原料の枯渇や生産や消費が与える環境への負荷の問題は大きな問題だ。このことは、代替的な技術開発の必要とともに、ゆっくりめにものを作って消費した方がよいことを示す。
人はどうか。すくなくとも世界的には人は十分にたくさんいる。それはいわゆる途上国の、とても高い割合の失業率が示している。日本にしても、失業統計には現れない、けれど働くことができ、その気のある多くの人たちがいる。
とすれば、資源や環境のことを考えながら、適当に働き、必要なものを作って消費していければそれで、すくなくともしばらくは、うまくやっていけるだろう。
にもかかわらず不安定で不透明なことになっているのだとすれば、それは、経済・社会の仕組みの方に問題があるということだ。

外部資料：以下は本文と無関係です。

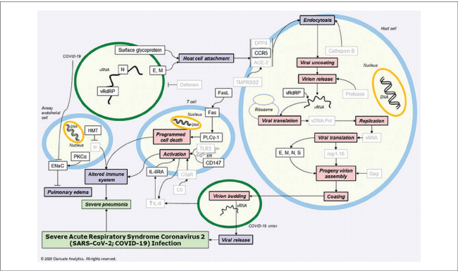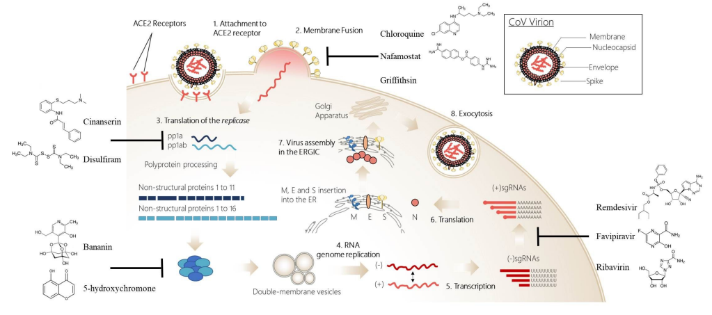 O conhecimento relacionado ao SRAS-CoV-2 tem aumentado rapidamente, o que fornece um número significativo de potenciais alvos para fármacos. O artigo de revisão do JAMA discute vários tratamentos experimentais para COVID-19, mas ainda não há um tratamento eficaz para a doença (13/04/20). Fonte: JAMA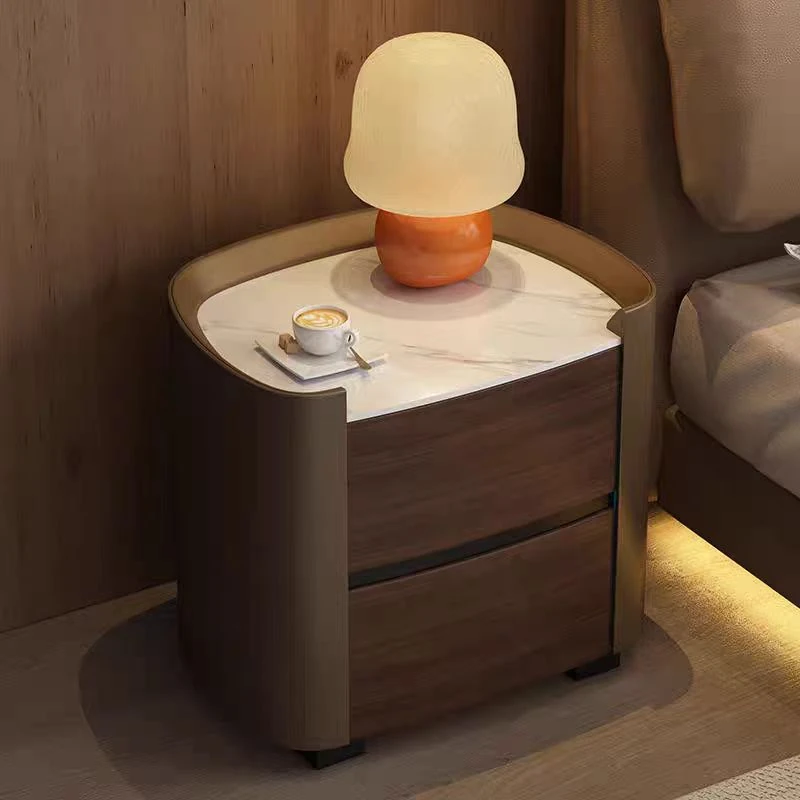 Sleek Modern Bedside Table - Stylish and Minimalist Nightstand for Home Bedrooms, Creative Small Night Cabinet with Luxury Design and Rock Surface

むろん、投資・金融が自由にできることの利点はある。その利点を強調し、自由化された市場に委ねていってもうまく行くはずだというのがこの間ずっと言われ、そしてなされてきたことなのだが、結局うまくはいかず、様々な対応をせざるをえないことになった。
ただ、うまくいくはずだと宣伝されていたものがうまくいかず、政府の介入がなされざるをえないということ自体が、不安を増長させている。また、いつものように行なわれるちょっとした減税による景気の維持・浮揚といったもくろみも、たぶんたいして効かないのだろうと思われてしまう。
金融のこと投資のこと、とくに国境を超えてのそれをどうしたらよいのか。それはその筋の方々によくよく考えて、言ってもらいたいものだと思う。私は不勉強でよくわからない。ただ、きちんとした専門家であれば、そんな素人にもわかる説明、可能な代替案を示すことができるはずだと思う。
そして、まかせるところはまかせた上で、こちらとしては、ごくごく基本的なことを考えていくことにしよう。そしてそれは前回に記した高齢者や「終末期医療」を巡る困難・不安を減へらすことにもなるはずだと私は思う。具体的には税の仕組みについて、考えなおすのがよいと思っている。次回はそのことを書くことにする。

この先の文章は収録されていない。